BOSTON — Fecal microbiota transplantation has emerged as a highly effective treatment option for Clostridium difficile infection, but as the understanding of its effects on the gut microbiome increases, research is expanding to evaluate the approach in other chronic conditions, according to a speaker at the Interdisciplinary Autoimmune Summit.

Healio Gastroenterology and Liver Disease spoke with Jessica R. Allegretti, MD, MPH, director of the Fecal Microbiota Transplant Program in the division of gastroenterology at Brigham and Women’s Hospital, about her presentation on current FMT best practices and its potential application in conditions like inflammatory bowel disease, primary sclerosing cholangitis and obesity.

Healio: In your talk, you likened the human gut microbiome to a rainforest ecosystem. Can you explain this comparison?

Allegretti: One of the ways we describe the gut microbiome is alpha diversity, or how many different species of bacteria there are. We know that greater diversity is associated with healthier microbiomes, and in contrast when you look at various disease states you often see a depletion of that overall diversity. This is similar to a rainforest, where diversity of species is sort of a marker of its wellbeing. The same goes for your gut microbiome; you want many types of organisms present, because each type of bacteria that live within us perform different functions, so the more variety you have the better the performance overall. You can think of your microbiome as a living organ that provides function for your overall health, so the more diverse it is, the more function it provides.

Healio: What are the current indications for FMT? Have there been any recent changes in its regulatory status and guideline recommendations?

Allegretti: FMT is not FDA-approved for any indication, but the FDA still holds enforcement discretion for recurrent and refractory C. difficile infection, so that is the only indication for which you can perform FMT clinically under this umbrella of enforcement discretion. This policy states that you have to provide informed consent to the patient to explain that it’s an investigational therapy. For any other indication, or if you’re doing a trial or any research even within the realm of C. diff, you have to hold an Investigational New Drug license.

The FDA did issue a draft guidance in 2016 indicating that they may start to institute an IND requirement for providers that use stool bank material, but they still have not enacted that yet. This brief came out over a year ago and they have not enacted that further, so the regulatory status of FMT really hasn’t changed since 2013.

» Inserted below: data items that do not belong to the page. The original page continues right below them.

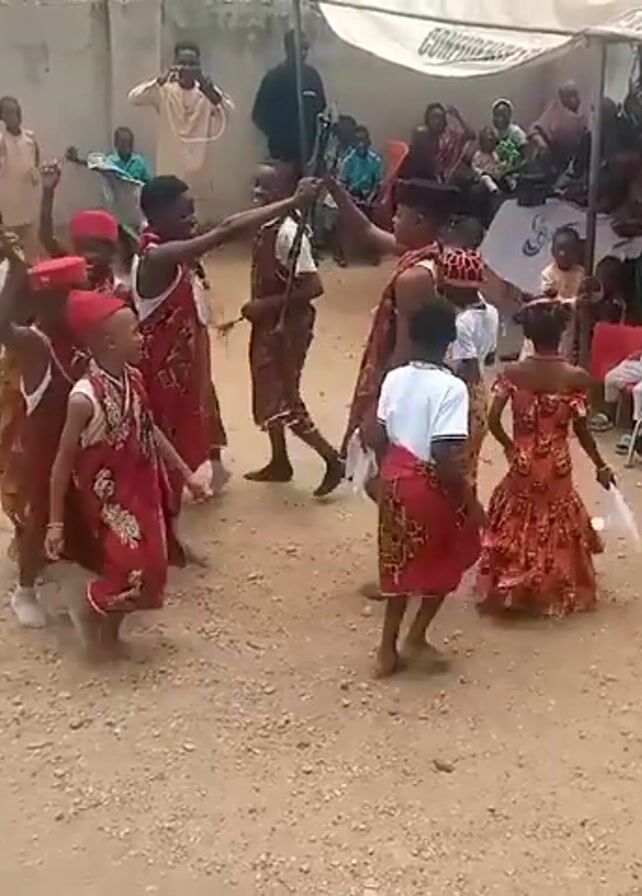 The video depicts a group of children, some wearing red and brown traditional African outfits, dancing in a circle on a sandy ground. Several of them have red caps. A woman in a yellow and orange patterned dress dances alongside them. A crowd of people, including children and adults, is seated on chairs, watching the performance. There's a white canopy overhead. In the background, there's a wall and some cinder blocks. A man is standing and taking pictures with a device. The video is taken with a device marked with "TECNO SPARK".
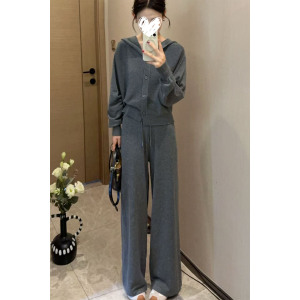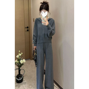 2025早秋新款时尚套装女洋气减龄宽松连帽上衣女高腰阔腿裤两件套
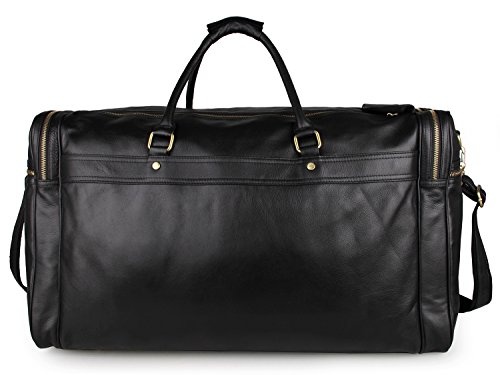 -. Title : Black Genuine Leather Overnight Travel Duffle Weekend Bag Lage Carry On
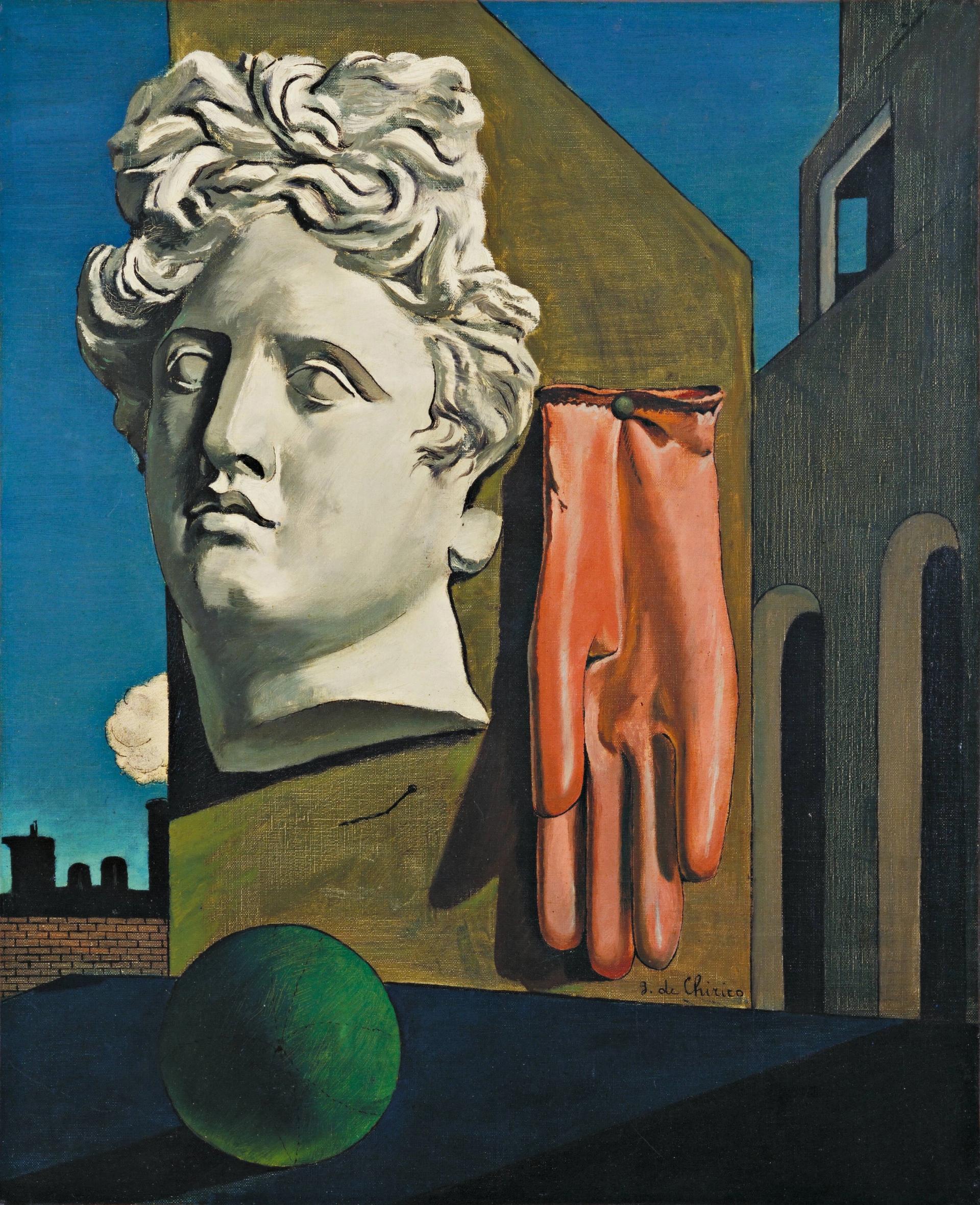 Surrealism was partly defined by the juxtaposition of familiar but unexpected objects in paintings or sculptures, with the intention of provoking unsettling responses in the viewer. In his 1869 poetic novel Les Chants de Maldoror the Compte de Lautréamont (the pen name of Uruguayan French writer Isidore Ducasse) had imagined the “beautiful… chance encounter of a sewing machine and an umbrella on an operating table”, and his ideas became a major inspiration for the Surrealists in the 1920s. Pre-dating the foundation of the movement in 1924 by André Breton, in this work Giorgio de Chirico places a rubber glove, a plaster head copied from a classical statue and a green ball beside a building in a piazza. De Chirico sought out the enduring realities hidden behind outward appearances, and believed that the modern artist must overcome the interferences of “logic and common sense” and “enter the regions of childhood vision and dream”.
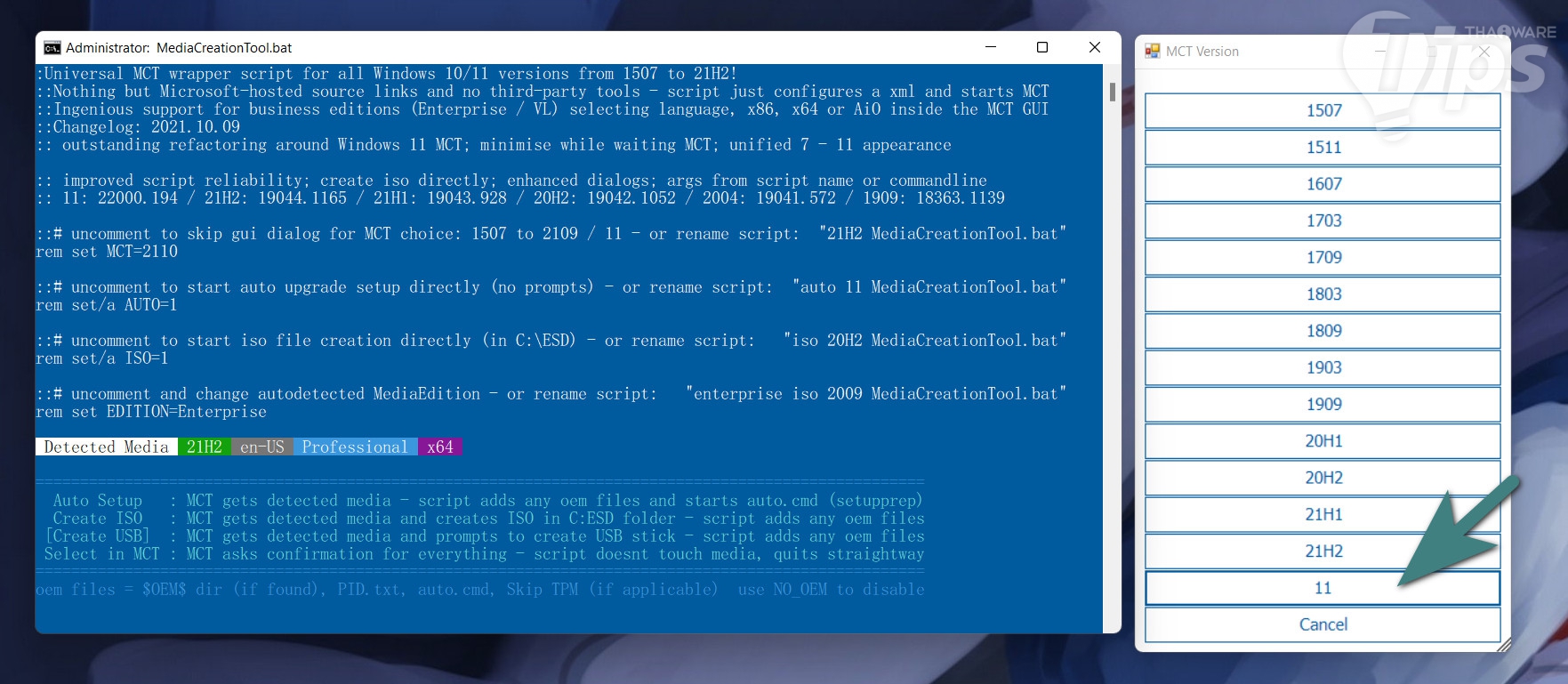 ทำการแตกไฟล์ที่ดาวน์โหลดมาให้เรียบร้อย จะมีไฟล์ที่ชื่อว่า "MediaCreationTool.bat" อยู่ คลิกขวาที่ไฟล์ "MediaCreationTool.bat" เลือก "เมนู Run as administrator" เลือก "11"

The new IDSA guidelines just came out, and I’m very excited about them. It was a much needed update, and in addition the European guidelines also came out last year, which recommended FMT for recurrent C. diff with high quality evidence, so it was exciting to see FMT recognized as a recommended and well researched procedure. The IDSA guidelines further validate this, showing we have done a lot of work in this area, that we have a lot of high-quality data including randomized controlled trials to show the efficacy of this treatment, and that it is a therapeutic option that really should be offered.

Healio: What are the 5 Ds of FMT, and why is this framework useful?

Allegretti: My colleagues and I work in fairly high-volume centers and we have learned a lot in our experience, so we wanted to develop a practical framework for providers who want to perform FMT or set up an FMT program at their center. The 5 Ds are an easy way for providers to remember the important things you need to be thinking about before you perform an FMT.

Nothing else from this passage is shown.